The extensive, state-of-the-art complex of the Bahrain International Circuit (BIC) covers an area of 170 hectares and was designed by German architect Hermann Tilke. Construction time was 16 months and costs ran to 150 million US dollars. The project was supported by Sheikh Salman bin Hamad al Khalifa, Bahrain's crown prince and a keen motor racing fan. He is also President of the Bahrain Motor Federation.

70,000 cubic metres of concrete and 8,500 tonnes of steel went into building the circuit, along with 82,000 tyres and 5,000 metres of FIA fencing to secure the track. The circuit holds 50,000 spectators, with the grandstand alone accommodating 10,500. There are generous transport links to the track with exemplary signposting.

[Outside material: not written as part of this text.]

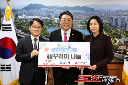 [½Åµ¿¾Æ¹æ¼Û´º½º=ÃÖ¼ÛÈ­±âÀÚ] ±èÇØ½Ã(½ÃÀå ȫſë)´Â 24ÀÏ BNK±ÝÀ¶±×·ì¿¡¼­ ¼³À» ¸Â¾Æ ¾î·Á¿î ÀÌ¿ô¿¡°Ô Àü´ÞÇØ ´Þ¶ó¸ç 5¸¸¿ø »ó´çÀÇ º¹²Ù·¯¹Ì »óÀÚ 500°³(2,500¸¸¿ø »ó´ç)¸¦ ±âŹÇß´Ù°í ¹àÇû´Ù.
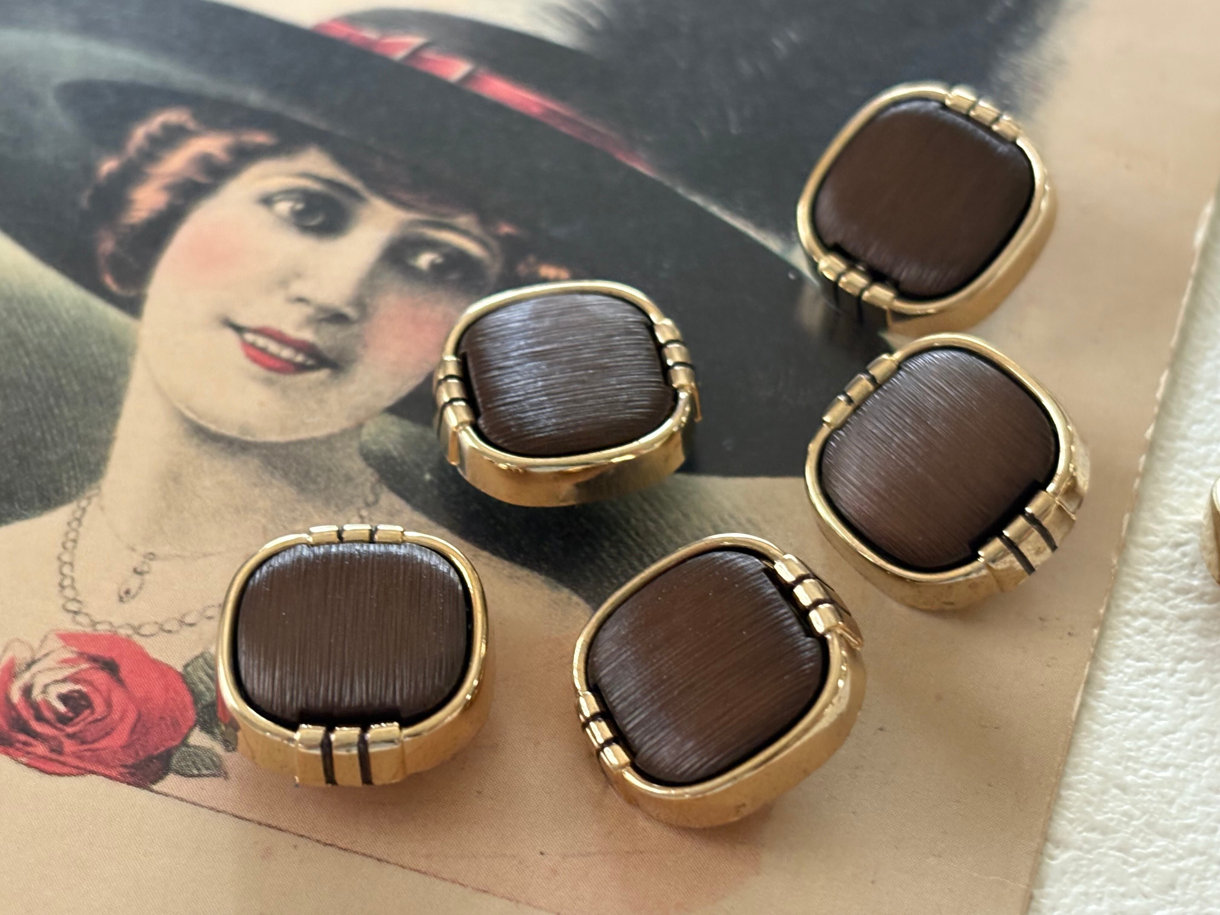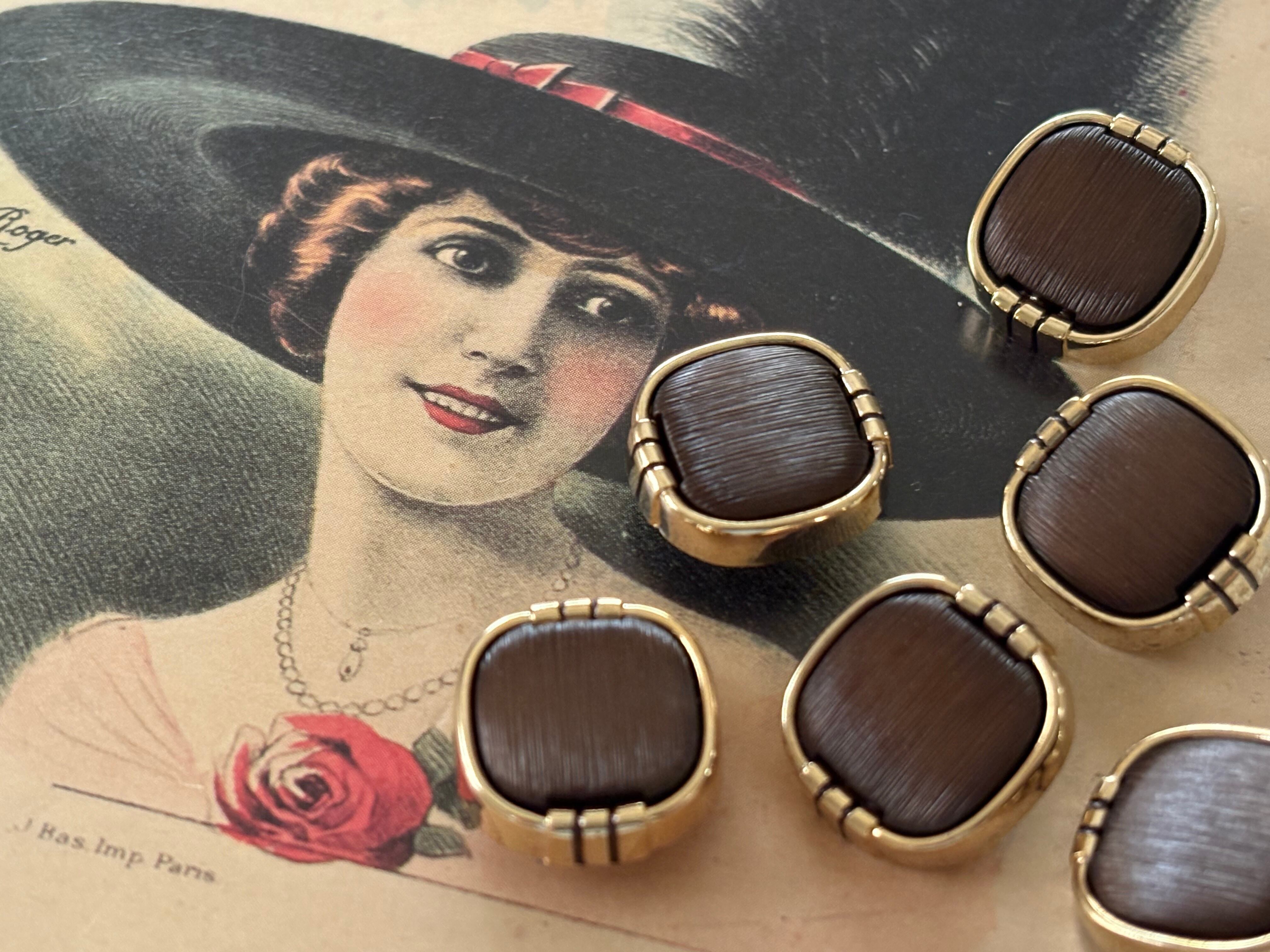 Japanese Vintage ヴィンテージボタン プラスチック×カボションゴールド×ブラウン 18mm アクセサリーパーツ 装飾材

Bahrain has five circuit variants, the longest being the GP course at 5.412 km. The maximum rising gradient is 3.6 percent and the maximum downward gradient 5.6 percent. There are 15 corners (six left-handers and nine right-handers) and the start/finish straight is 1,090 metres long.

Bahrain has been an Arab Emirate since gaining independence from the British in 1971. The kingdom's head of state is the Emir, who governs through a cabinet. With a geographical area of 665 square kilometres, the country is spread across 36 islands off the coast of Saudi Arabia. The capital city of Manama is on the main island of Bahrain (578 square kilometres).

Oil has been pumped in Bahrain since 1932, but resources are dwindling. The processing industry as well as rich gas fields and international banking have taken on a growing economic role.

The Emirate has a dry desert climate with very mild winters and hot summers. Last year, the Bahrain Grand Prix was the hottest race of the year with air temperatures hitting 42 degrees Celsius on the Sunday. Temperatures should be lower during the 2006 GP, which takes place four weeks earlier.


----------